--- Dataset records Enclosed Below ---
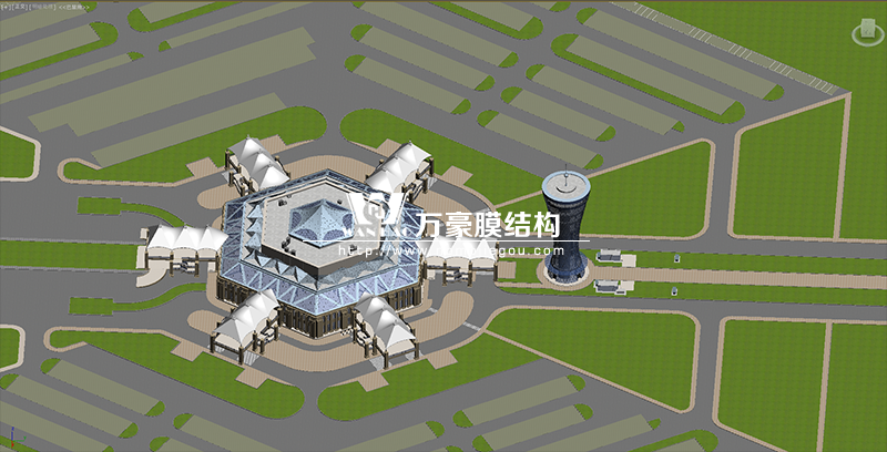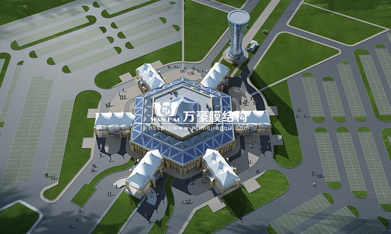 主樓屋頂為六邊形空間結構穹頂,墻面為蜂窩狀幕墻,連廊部分為具有當地文化特色造型的膜結構。
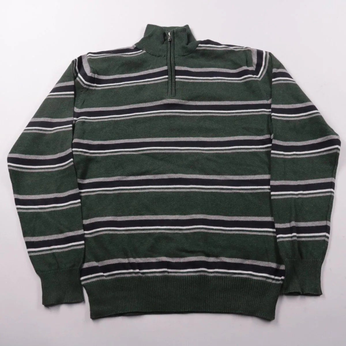 Мужской джемпер Canda из 100% хлопка, зелёный в горизонтальную полоску, с воротником-стойкой и молнией до груди. Подойдёт для повседневной носки в прохладную погоду и для офиса в стиле casual. Натуральный хлопок хорошо дышит и комфортен в многослойных образах.
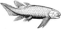 Holoptychius wurde bis ca. 75 cm lang; er besaß paarige Flossen, die an die der Lungenfische erinnern.
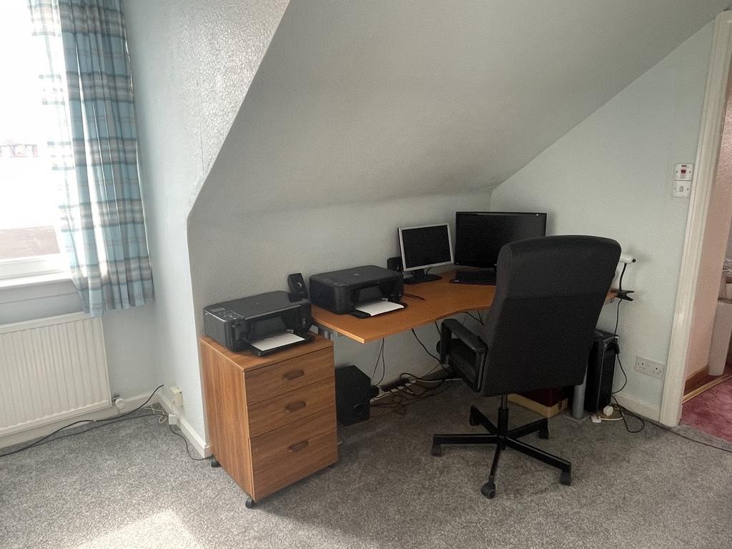 property. Partially tiled walls and pine panelled. Radiator. Coombed ceiling. Carpeted. Velux window.
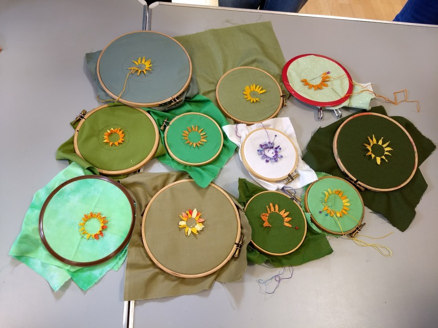 Exeter Creative Stitchers are a group of people who enjoy stitching; embracing embroidery and textiles of all types. We are keen to share our knowledge and encourage newcomers to have a go.
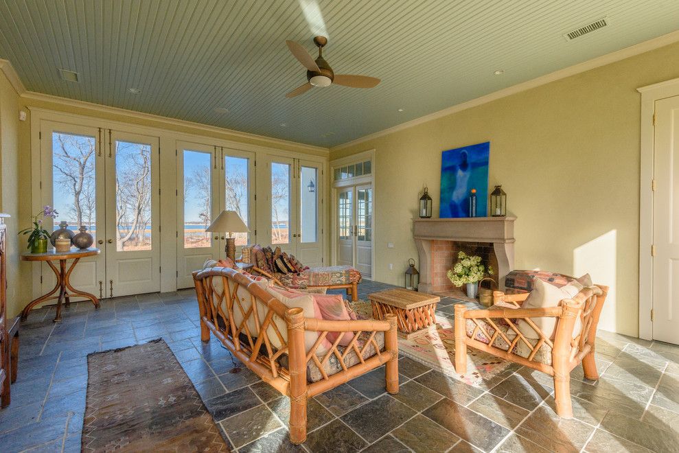 Unlike any other location, boasting over 400' of sunset-soaked waterfront on just under 2 acres.The gated, 7400SF home features spectacular water views from almost every room of the house. There are 5 bedrooms, including a large master suite with adjoining sitting room/office, formal living room with fireplace, parlor, formal dining room, and custom eat-in kitchen with large pantry. Gorgeous entertaining spaces include a large atrium with fir
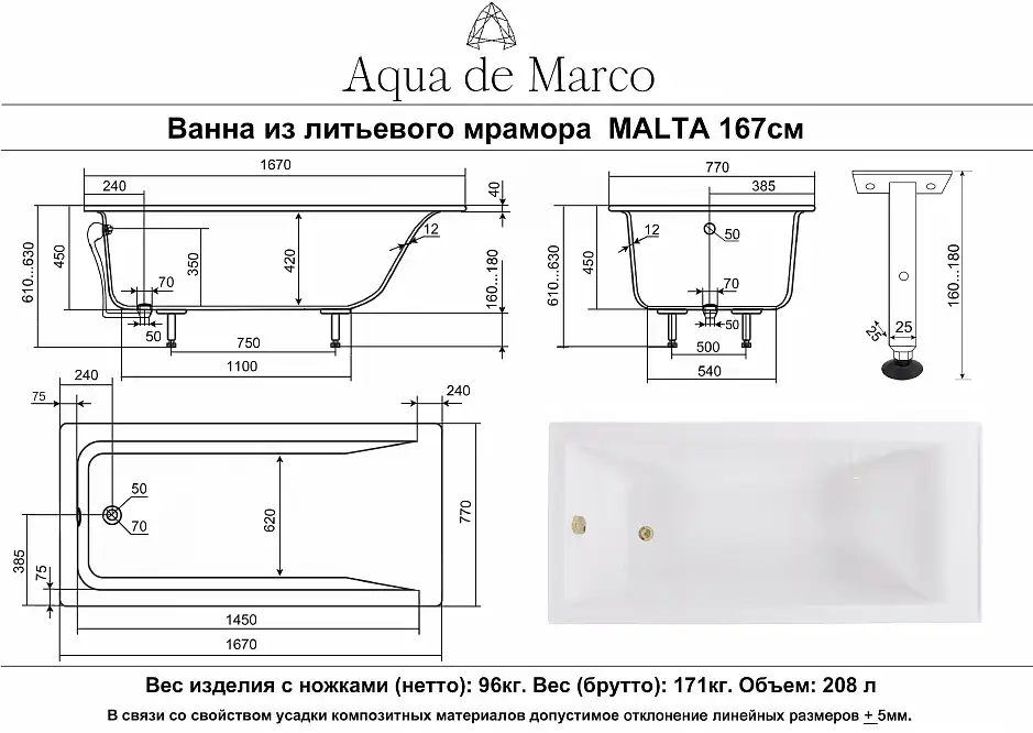 Пристенная ванна из литьевого мрамора MALTA – функциональное и лаконичное решение для современных ванных комнат. Оптимальные стандартные размеры 1,57м и 1,67м разработаны под унифицированные планировки. Также есть возможность выбрать вариант ножек: либо декоративные каменные белого цвета, либо регулируемые металлические, которые можно скрыть за фронтальными панелями соответствующего размера. Ножки включены в комплект.
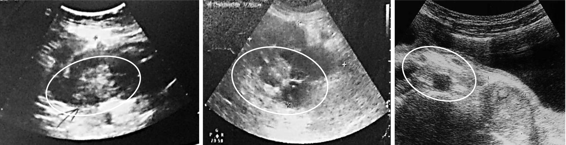 Рис. 2. Гетерогенные внутрипросветные структуры неправильной формы на фоне расширенных петель тонкой кишки (выделены белым контуром)
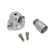 Our ZZP 3800 Billet Thermostat Housing is a great bolt in replacement for your factory thermostat housing. The factory cast unit gets pitted and degrades over time from dexcool; this often leads to sealing problems, even with a new gasket. Made of billet aluminum our thermostat housing will not warp or rust, and will always look great in your engine bay. Available in two finishes, clear aluminum or matte black anodized. Uses the stock style thermostat housing gasket. Comes with 1/8" NPT plug on top, compatible with your stock bleeder fitting. Includes M8 stainless bolts.
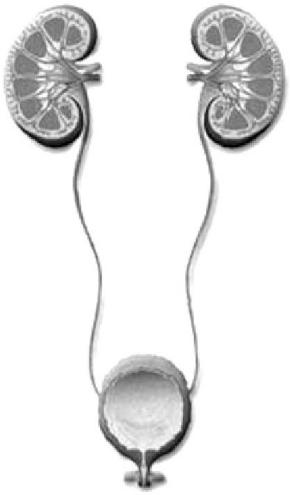 泌尿系统由肾、输尿管、膀胱和尿道组成。泌尿系统的解剖图见图2-28。人体的代谢产物通过血液循环由肾动脉到达肾脏后,经肾脏的生理作用而形成尿液,再经输尿管送入膀胱暂时储存,最后通过尿道排出体外。
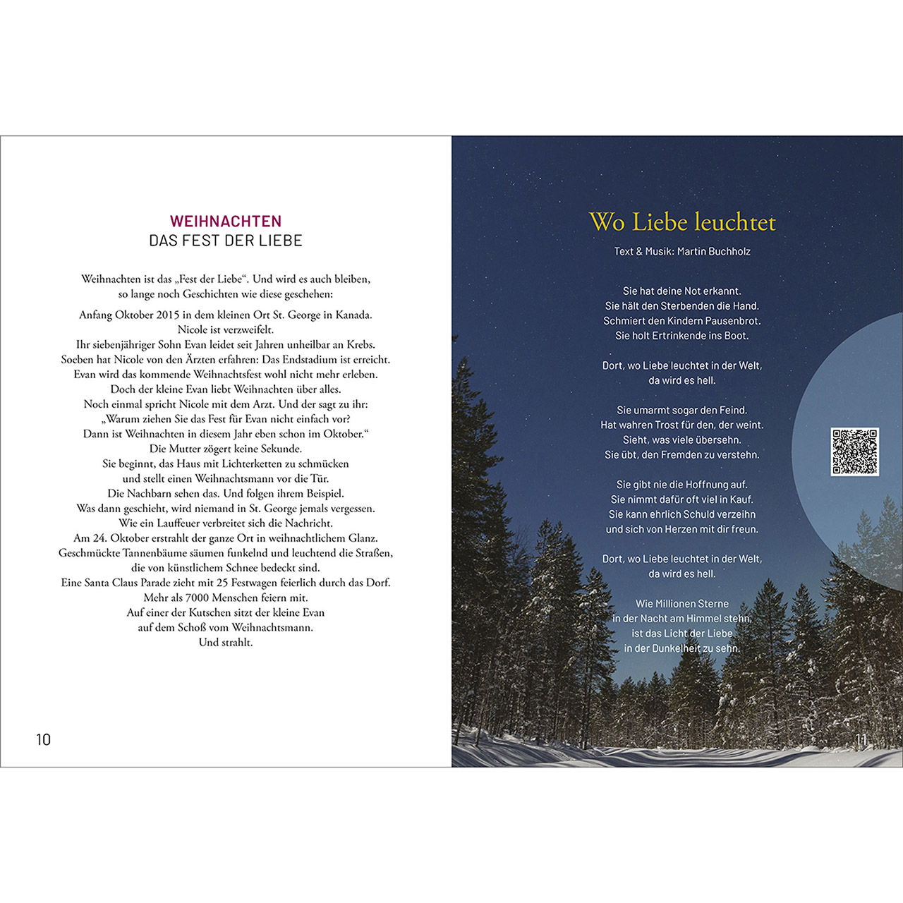 Bewegende Geschichten und Lieder. Wegbegleiter durch Jahr und Tag. Ein Streifzug durch unsere Lebensjahreszeiten. Vom Advent bis zum Ewigkeitssonntag. Von Abschied und Aufbruch, Trauer und Trost, Zweifel und Zuversicht. Alle 56 Lieder können über QR-Codes gestreamt werden. So wird dieses liebevoll gestaltete Buch auch zum Hörgenuss.
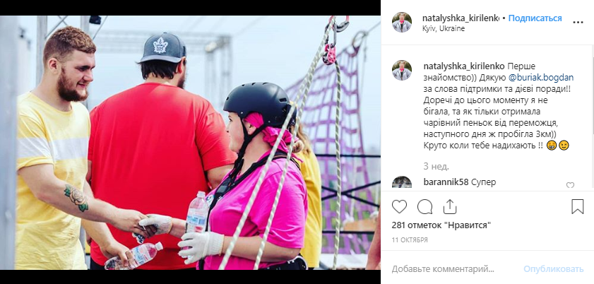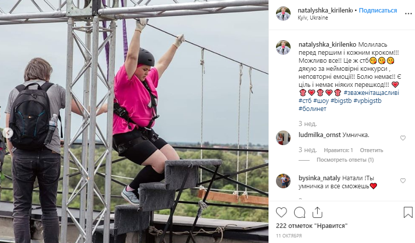 В последнем выпуске проекта "Зважені та щасливі" на телеканале СТБ ушла Наталья Кириленко из команды розовых. 26-летняя участница за 10 недель в условиях телешоу похудела на 23 кг - до 95 кг. Многие зрители привязались к милой девушке и стали поддерживать ее на станице проекта в соцсетях, они выражали сожаление в связи с ее уходом.
--- End of Enclosed Dataset records ---
* Goal of the exercise
In case the records contain pictures, keep those out and repeat the rest exactly.

* Response
 主樓屋頂為六邊形空間結構穹頂,墻面為蜂窩狀幕墻,連廊部分為具有當地文化特色造型的膜結構。
 Мужской джемпер Canda из 100% хлопка, зелёный в горизонтальную полоску, с воротником-стойкой и молнией до груди. Подойдёт для повседневной носки в прохладную погоду и для офиса в стиле casual. Натуральный хлопок хорошо дышит и комфортен в многослойных образах.
 Holoptychius wurde bis ca. 75 cm lang; er besaß paarige Flossen, die an die der Lungenfische erinnern.
 property. Partially tiled walls and pine panelled. Radiator. Coombed ceiling. Carpeted. Velux window.
 Exeter Creative Stitchers are a group of people who enjoy stitching; embracing embroidery and textiles of all types. We are keen to share our knowledge and encourage newcomers to have a go.
 Unlike any other location, boasting over 400' of sunset-soaked waterfront on just under 2 acres.The gated, 7400SF home features spectacular water views from almost every room of the house. There are 5 bedrooms, including a large master suite with adjoining sitting room/office, formal living room with fireplace, parlor, formal dining room, and custom eat-in kitchen with large pantry. Gorgeous entertaining spaces include a large atrium with fir
 Пристенная ванна из литьевого мрамора MALTA – функциональное и лаконичное решение для современных ванных комнат. Оптимальные стандартные размеры 1,57м и 1,67м разработаны под унифицированные планировки. Также есть возможность выбрать вариант ножек: либо декоративные каменные белого цвета, либо регулируемые металлические, которые можно скрыть за фронтальными панелями соответствующего размера. Ножки включены в комплект.
 Рис. 2. Гетерогенные внутрипросветные структуры неправильной формы на фоне расширенных петель тонкой кишки (выделены белым контуром)
 Our ZZP 3800 Billet Thermostat Housing is a great bolt in replacement for your factory thermostat housing. The factory cast unit gets pitted and degrades over time from dexcool; this often leads to sealing problems, even with a new gasket. Made of billet aluminum our thermostat housing will not warp or rust, and will always look great in your engine bay. Available in two finishes, clear aluminum or matte black anodized. Uses the stock style thermostat housing gasket. Comes with 1/8" NPT plug on top, compatible with your stock bleeder fitting. Includes M8 stainless bolts.
 泌尿系统由肾、输尿管、膀胱和尿道组成。泌尿系统的解剖图见图2-28。人体的代谢产物通过血液循环由肾动脉到达肾脏后,经肾脏的生理作用而形成尿液,再经输尿管送入膀胱暂时储存,最后通过尿道排出体外。
 Bewegende Geschichten und Lieder. Wegbegleiter durch Jahr und Tag. Ein Streifzug durch unsere Lebensjahreszeiten. Vom Advent bis zum Ewigkeitssonntag. Von Abschied und Aufbruch, Trauer und Trost, Zweifel und Zuversicht. Alle 56 Lieder können über QR-Codes gestreamt werden. So wird dieses liebevoll gestaltete Buch auch zum Hörgenuss.
 В последнем выпуске проекта "Зважені та щасливі" на телеканале СТБ ушла Наталья Кириленко из команды розовых. 26-летняя участница за 10 недель в условиях телешоу похудела на 23 кг - до 95 кг. Многие зрители привязались к милой девушке и стали поддерживать ее на станице проекта в соцсетях, они выражали сожаление в связи с ее уходом.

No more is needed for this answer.